The Oil Conservation Commission doesn’t currently define PFAS in the rulemaking being considered, and WildEarth Guardians proposed defining it as perfluoroalkyl and polyfluoroalkyl substances that are a class of fluorinated organic chemicals containing at least one fully fluorinated carbon atom — the broadest proposal suggested.
NMOGA proposed a much more narrow definition: a perfluoroalkyl or polyfluoroalkyl substance with two or more sequential fully fluorinated carbon atoms.
The Oil Conservation Division met somewhere in the middle of the two organizations. Its definition lists PFAS as any chemical with at least perfluorinated methyl group or a perfluorinated methylene group, excluding those with a hydrogen, chlorine, bromine or iodine atom attached to the subject carbon atom.
Moving forward, the Oil Conservation Commission — a separate entity from the Oil Conservation Division — will send transcriptions of the hearing proceedings to all involved parties, at which point they need to submit final written arguments. There’s no set deadline for that, according to an EMNRD spokesperson.
Once the written arguments are in, the commission deliberates. There’s also no deadline for that.
The earliest the commission will make a decision is the first quarter of 2025, according to EMNRD.
“I think that the commission will probably do the right thing in the case,” Nanasi told the Journal earlier this week. She also said the commission wouldn’t let her interview NMOGA’s expert witnesses on the record about their work with GSI Environmental Inc., which Nanasi believes is a conflict because it serves oil and gas and chemical companies.

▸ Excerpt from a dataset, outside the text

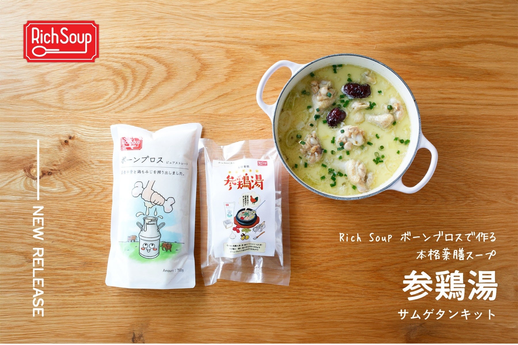 そんなRich Soupのボーンブロスで薬膳食材と鶏肉を煮込むだけの簡単な調理で本格参鶏湯(サムゲタン)を作ることができる「参鶏湯キット」を、この度Rich Soupより発売することとなりました。

NMOGA has repeatedly argued it supports a science-based ban on PFAS in oil and gas. Missi Currier, president and CEO of the association, sent an email statement to the Journal again expressing that. NMOGA didn’t respond to questions about the credibility allegations of its expert witnesses.
“(NMOGA) has supported this ban since WildEarth first proposed it,” Currier said. “Any allegations to the contrary are not only meritless but also a baseless attempt from certain organizations to detract from the truth, which is that NMOGA has and will continue to support a ban on PFAS in oil and gas operations.”
Editor's note 11/25 1 p.m.: This article has been updated to reflect which PFAS definitions are more broad or narrow.